INSTRUCTIONS TO FOLLOW: Would you repeat the whole listing exactly, pictures excluded?

DATASET:

++++++++++++++++++++

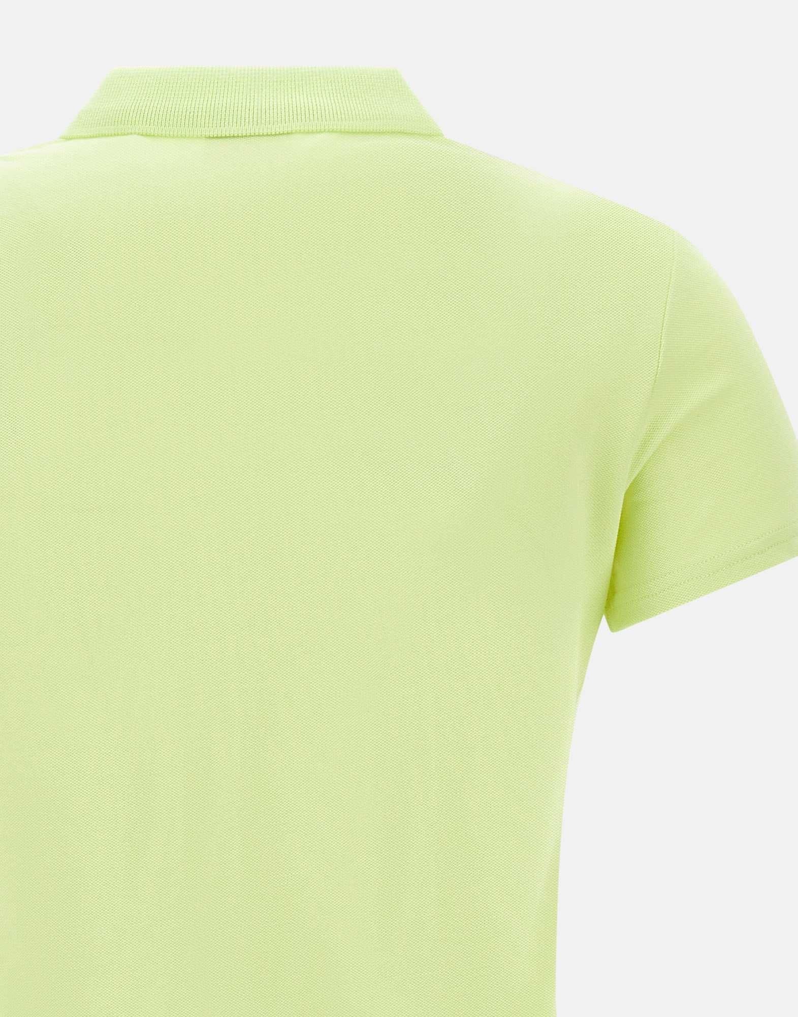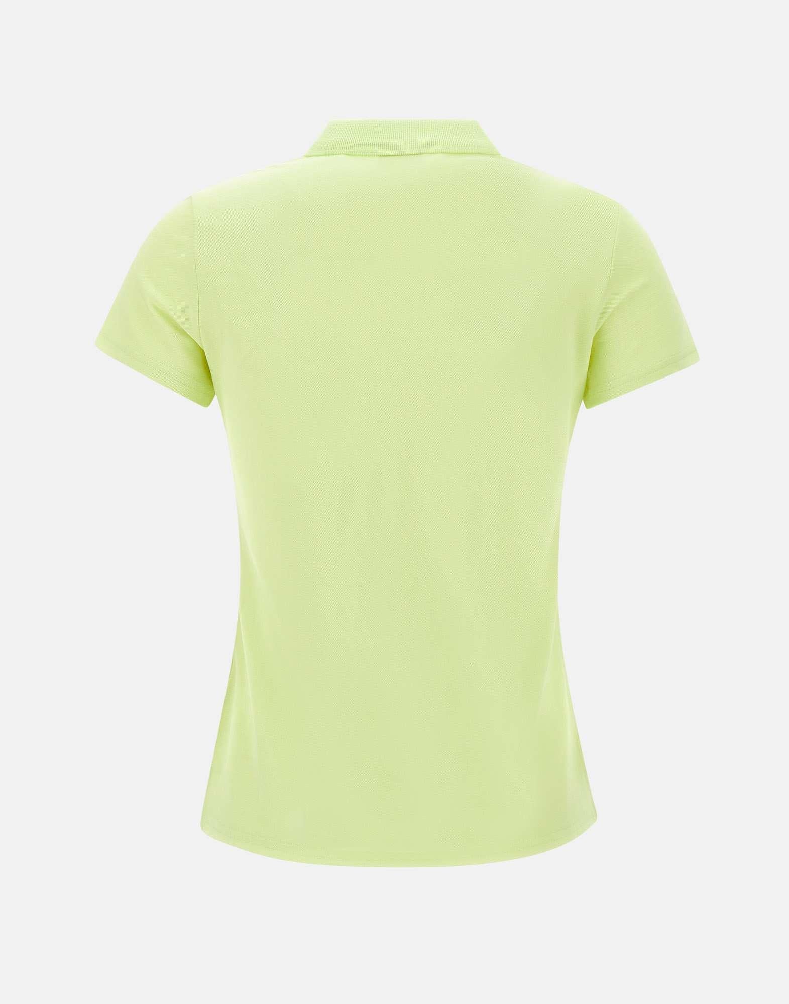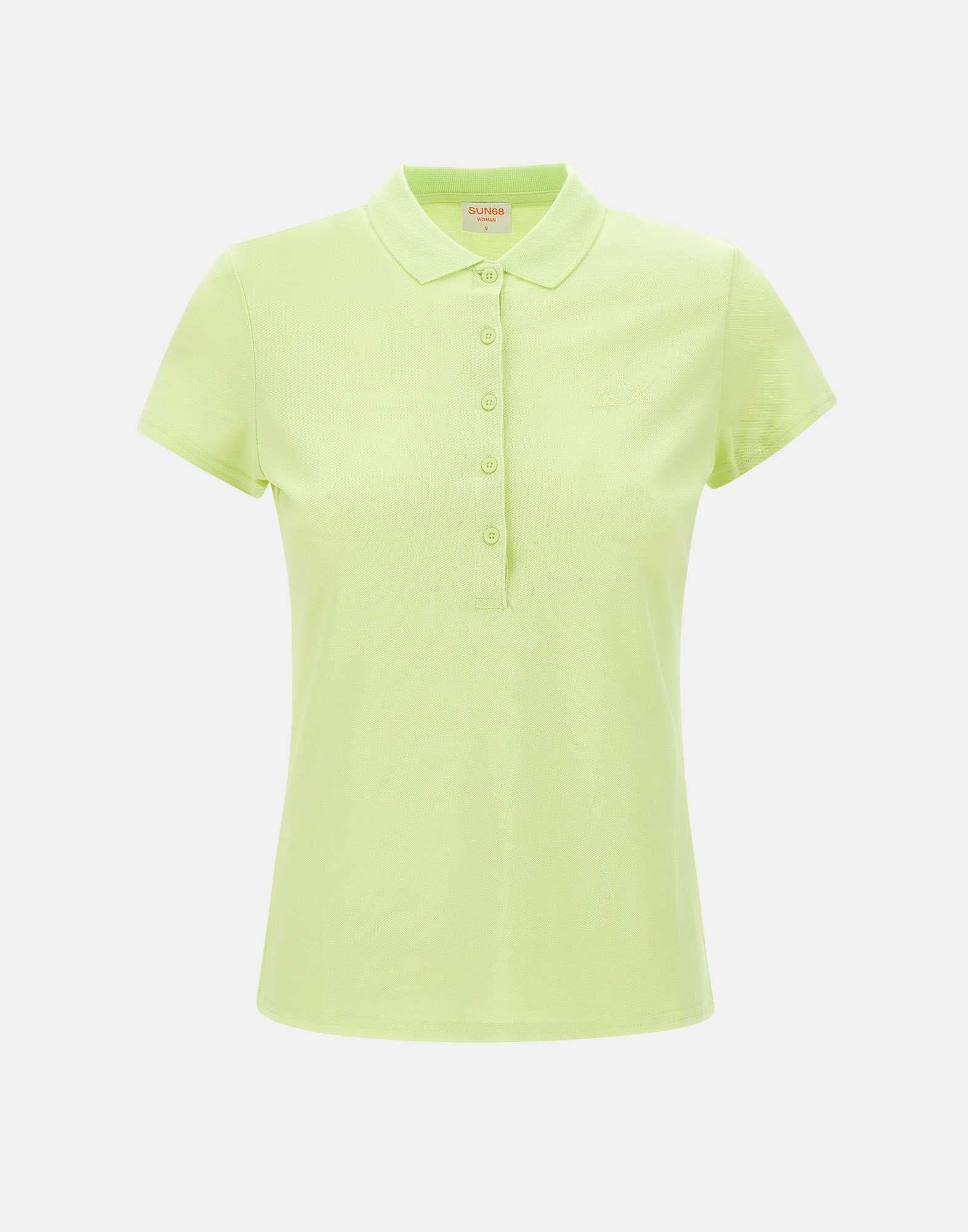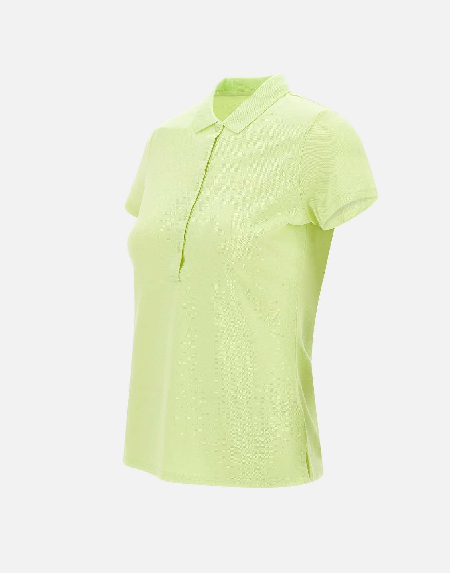 Polo “Solid” Sun68 donna, giallo limone, in cotone piquet stretch, colletto a coste,maniche corte, chiusura con cinque bottoni logati in tinta, logo sul petto con strass, slim fit
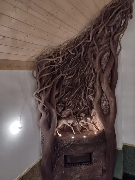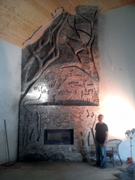 W mojej pracowni projektuję i wykonuję artystyczne obudowy kominkowe dla osób prywatnych, postrzegając kominek jako centralny punkt domowego ogniska. Każdy kominek jest indywidualną rzeźbą użytkową, integrującą płaskorzeźbę z funkcją grzewczą, dzięki czemu moja oferta wykracza poza standardowe rozwiązania. Kluczowym aspektem jest wykorzystanie materiałów naturalnych, takich jak piaskowiec, kamień i drewno, które pod wpływem ciepła zyskują dodatkowy blask. Stosuję również nowatorskie połączenie technik malarskich z fakturowaniem tynku, co nadaje obudowom unikalny, rzemieślniczy charakter. Każdy detal jest dopracowywany ręcznie za pomocą noży, dłut i pędzli.
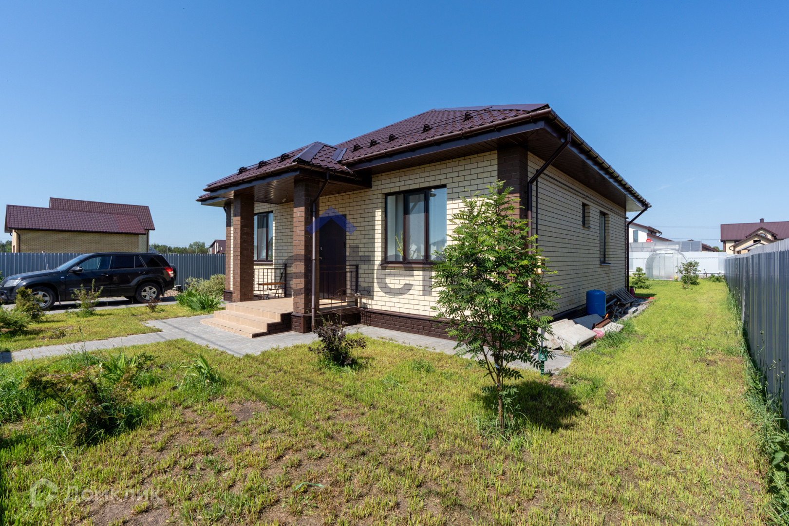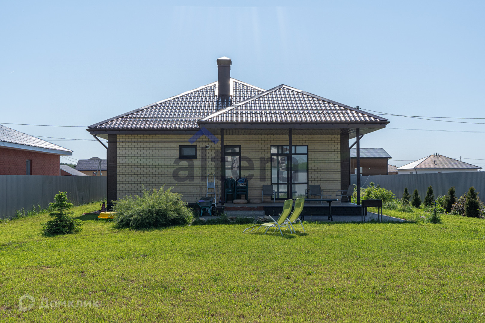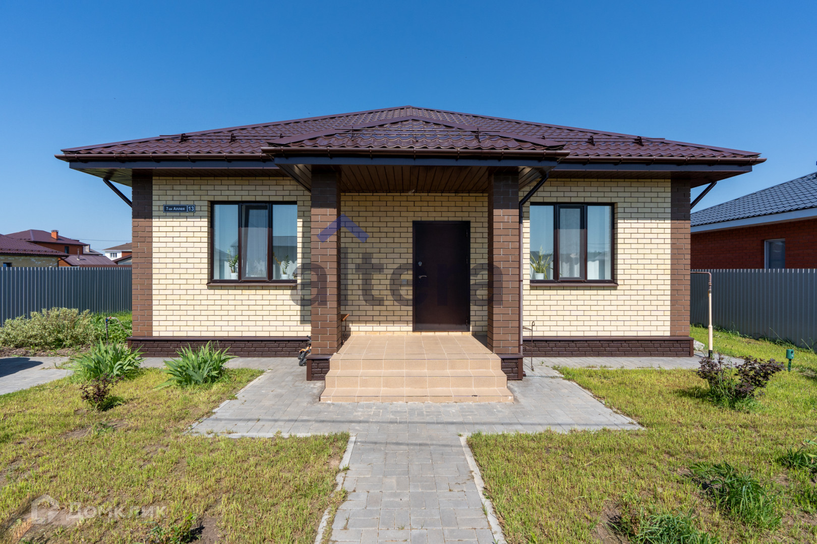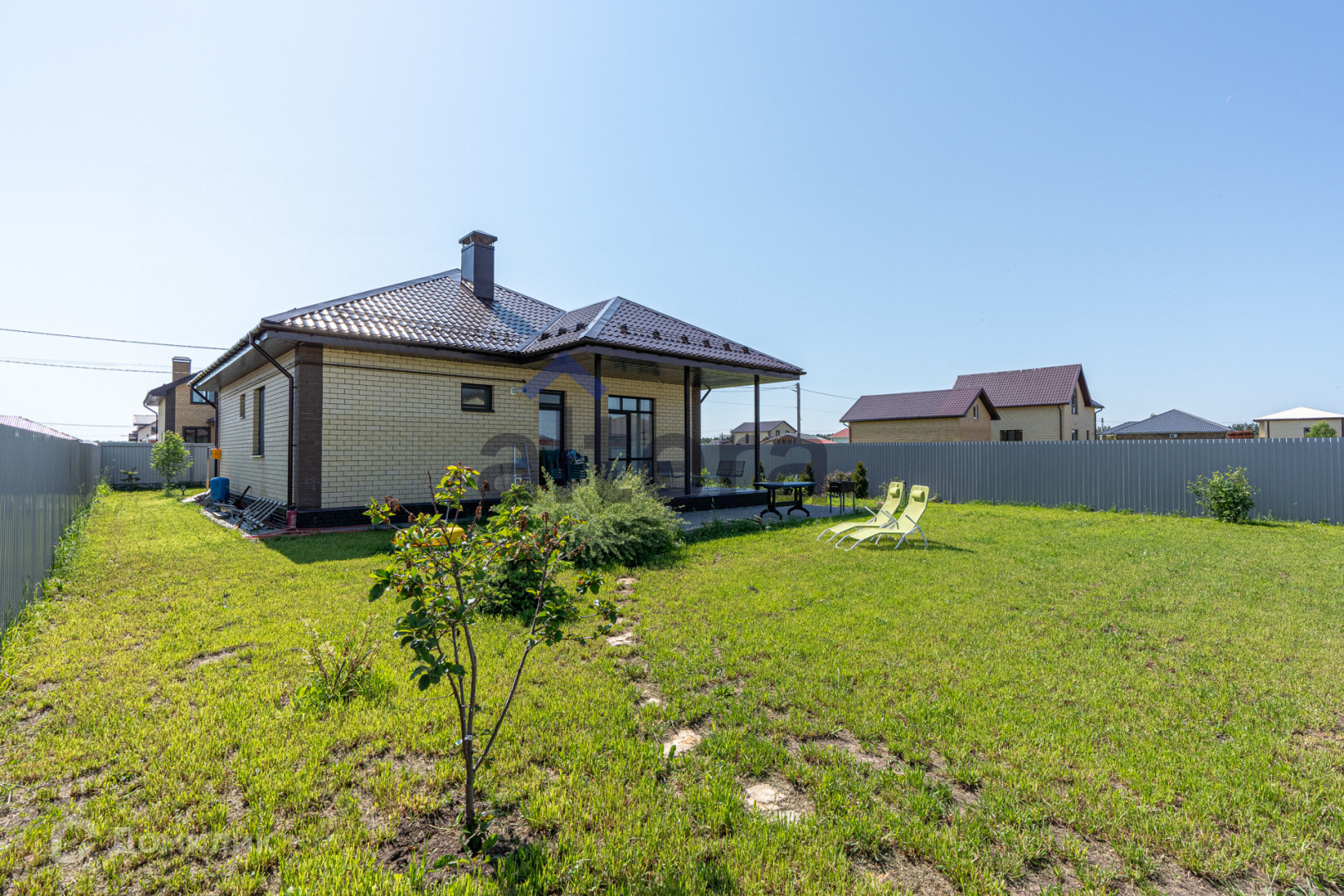 Участок- 7,5 соток, ухоженный с насаждениями, газон, брусчатка по периметру с забором из профнастила,с выкатанными воротами door han, водосточная система, снегозадержатели.
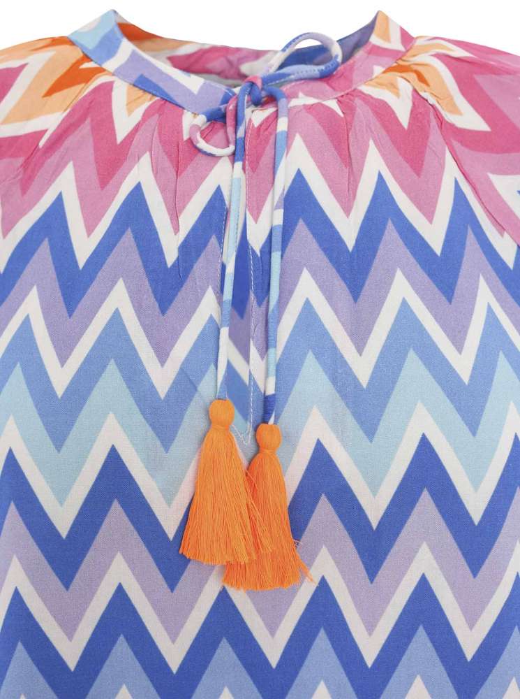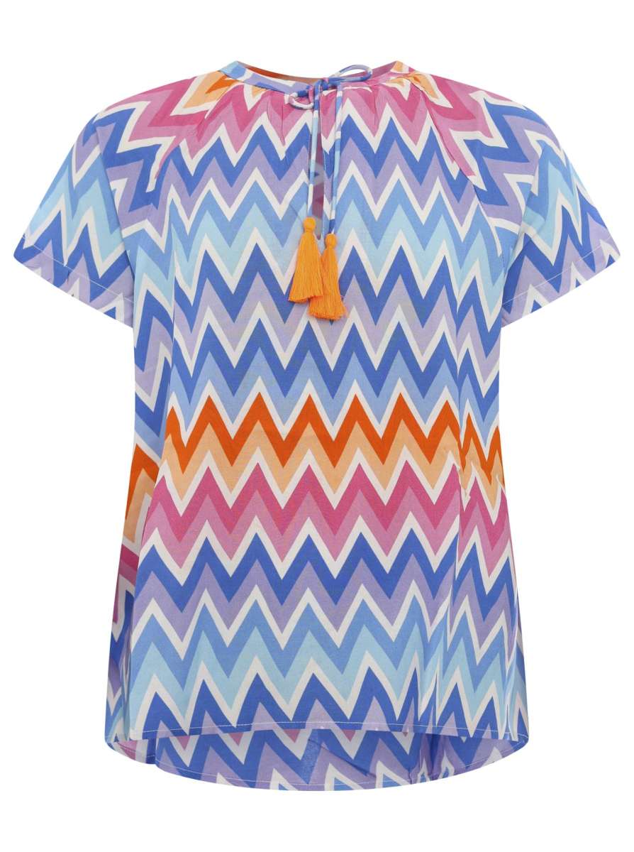 Ein stilvolles Kurzarmblusen mit einem lebendigen Zickzackmuster. Die schicke Kordel mit Tasseln setzt einen trendigen Akzent. Hergestellt aus 100 % Viskose bietet die Bluse nicht nur ein ansprechendes Muster, sondern auch angenehmen Tragekomfort.
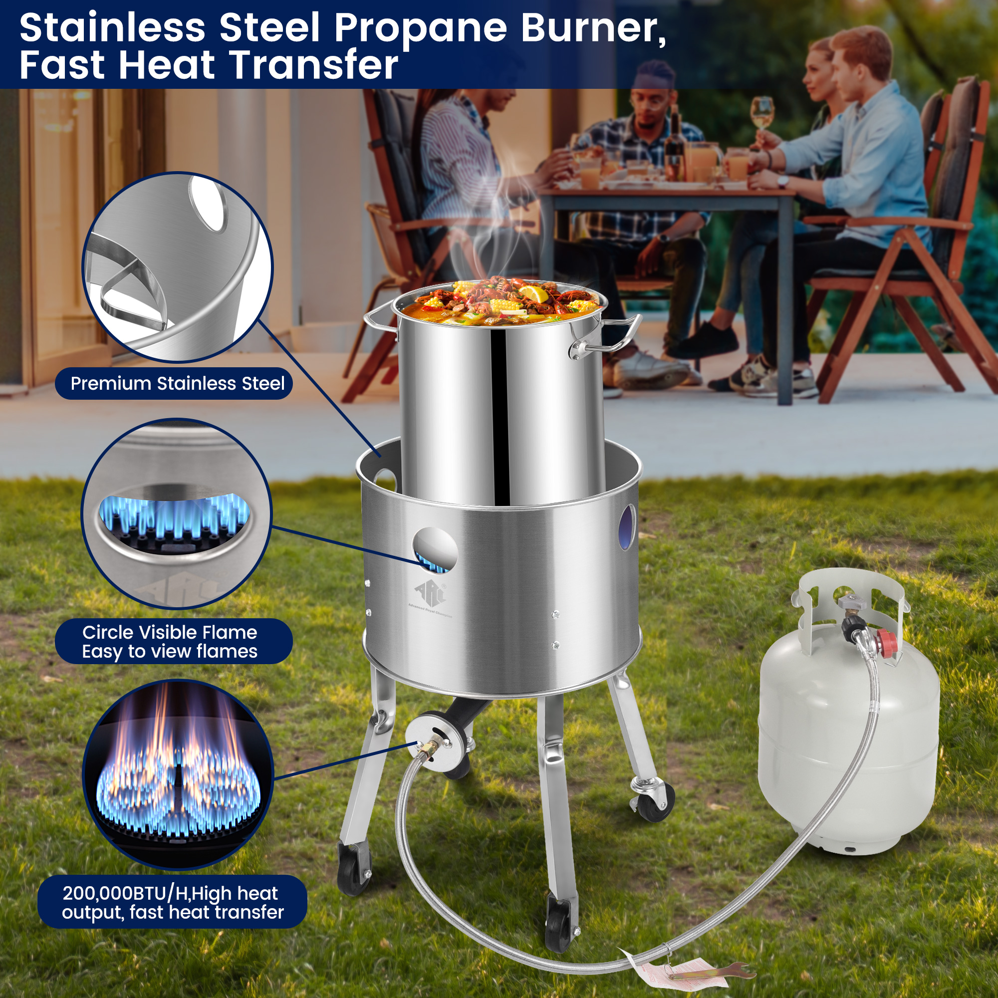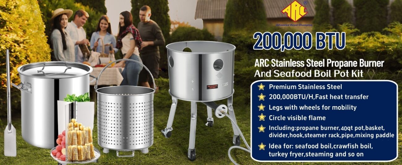 ARC Stainless Steel Steamer Pot With Portable Propane Burner For Outdoor Cooking, Seafood Crab-Vegetable-Tamale Large Pot with Water Spout, Divider and Steamer Rack, High Efficiency Stove

++++++++++++++++++++

YOUR RESPONSE:
 Polo “Solid” Sun68 donna, giallo limone, in cotone piquet stretch, colletto a coste,maniche corte, chiusura con cinque bottoni logati in tinta, logo sul petto con strass, slim fit
 W mojej pracowni projektuję i wykonuję artystyczne obudowy kominkowe dla osób prywatnych, postrzegając kominek jako centralny punkt domowego ogniska. Każdy kominek jest indywidualną rzeźbą użytkową, integrującą płaskorzeźbę z funkcją grzewczą, dzięki czemu moja oferta wykracza poza standardowe rozwiązania. Kluczowym aspektem jest wykorzystanie materiałów naturalnych, takich jak piaskowiec, kamień i drewno, które pod wpływem ciepła zyskują dodatkowy blask. Stosuję również nowatorskie połączenie technik malarskich z fakturowaniem tynku, co nadaje obudowom unikalny, rzemieślniczy charakter. Każdy detal jest dopracowywany ręcznie za pomocą noży, dłut i pędzli.
 Участок- 7,5 соток, ухоженный с насаждениями, газон, брусчатка по периметру с забором из профнастила,с выкатанными воротами door han, водосточная система, снегозадержатели.
 Ein stilvolles Kurzarmblusen mit einem lebendigen Zickzackmuster. Die schicke Kordel mit Tasseln setzt einen trendigen Akzent. Hergestellt aus 100 % Viskose bietet die Bluse nicht nur ein ansprechendes Muster, sondern auch angenehmen Tragekomfort.
 ARC Stainless Steel Steamer Pot With Portable Propane Burner For Outdoor Cooking, Seafood Crab-Vegetable-Tamale Large Pot with Water Spout, Divider and Steamer Rack, High Efficiency Stove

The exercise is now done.